Education, From The Capitol To The Classroom

Why Some Educators Say The State’s A-F Grading System Isn’t An Improvement

A teleprompter aids state superintendent Tony Bennett as he delivers a televised address in September 2011.

Kyle Stokes / StateImpact Indiana

A teleprompter aids state superintendent Tony Bennett as he delivers a televised address in September 2011.

Superintendents offered a harsh critique of the state’s A-F grading scale for public schools at the statehouse earlier this month, writes Karen Francisco of the Fort Wayne Journal Gazette:

How uncomfortable Friday afternoon must have been for Republican members of the Indiana Select Commission on Education. Listening to hours of overwhelmingly critical testimony of the A-F school grading system — a centerpiece of the Republican administration’s so-called reform agenda — would be bad enough, but the critics included the Indiana Chamber of Commerce. Nothing like irritating the state chamber if you’re intent on maintaining your pro-business profile.

The problem, speakers said, is not the fact that the state is assessing schools. It’s how the state is making the assessments. And to understand why educators don’t like the system that will replace No Child Left Behind in Indiana, we dive into the world of norm- and criterion-referenced testing.

‘If We Don’t Implement, We Lose The Waiver’

Make no mistake — Indiana schools will get a letter grade next year, Superintendent for Public Instruction Tony Bennett said. It’s one of the conditions Indiana must meet to be released from the national NCLB standards.

“What we should be trying to do is really to build systems,” Bennett told legislators after nearly four hours of public testimony on the A-F grading scale. “Because as a group, we can’t probably solve the specifics but we can build systems that allow the (superintendents who spoke) to do just those things with their teachers and schools.”

Bennett agreed with the educators who said Indiana’s system isn’t perfect. But he also said the state didn’t have time to work out every kink before rolling out the A-F grading scale. Now that Indiana has its waiver, the legislature can use input to improve the system for the future.

Jon Gubera, the chief accountability officer at the Indiana Department of Education, stressed that without the rewired A-F scale, Indiana would have to again adopt NCLB standards.

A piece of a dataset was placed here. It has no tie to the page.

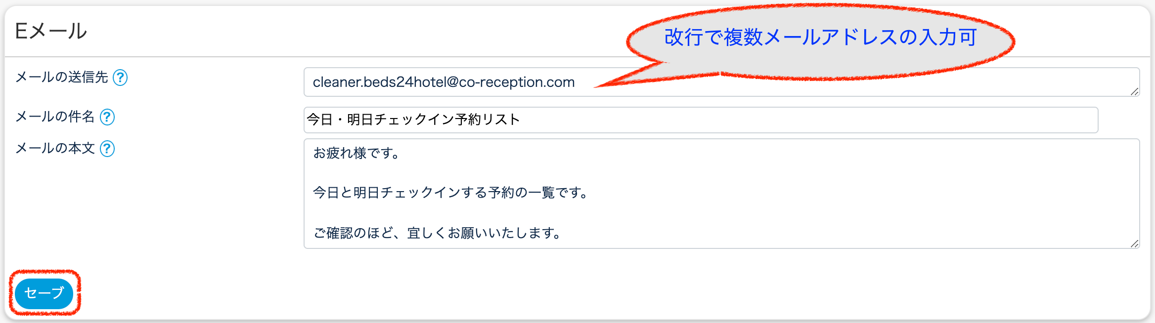 4.『メールの送信先』に送信先メールアドレスを入力し、『メールの件名』と『メールの本文』を入力してセーブします。

“If we don’t implement, then we lose the waiver,” Gubera said. “The immediate effects of that is the C-capping mechanism would be back. So in other words, schools that failed in one single subgroup — even if they’re an A school — they’d be capped at a C, which was a major issue last year.”

In 2011, more than 300 Indiana schools would have received As and Bs if not for the cap.

Norm- And Criterion-Referenced Tests, Explained

But some of the superintendents and educators who provided testimony say Indiana’s letter grade system still isn’t the answer. They said Indiana’s growth model places too much emphasis on measuring how students’ test scores improve relative to their peers — and too little emphasis on what information they actually know..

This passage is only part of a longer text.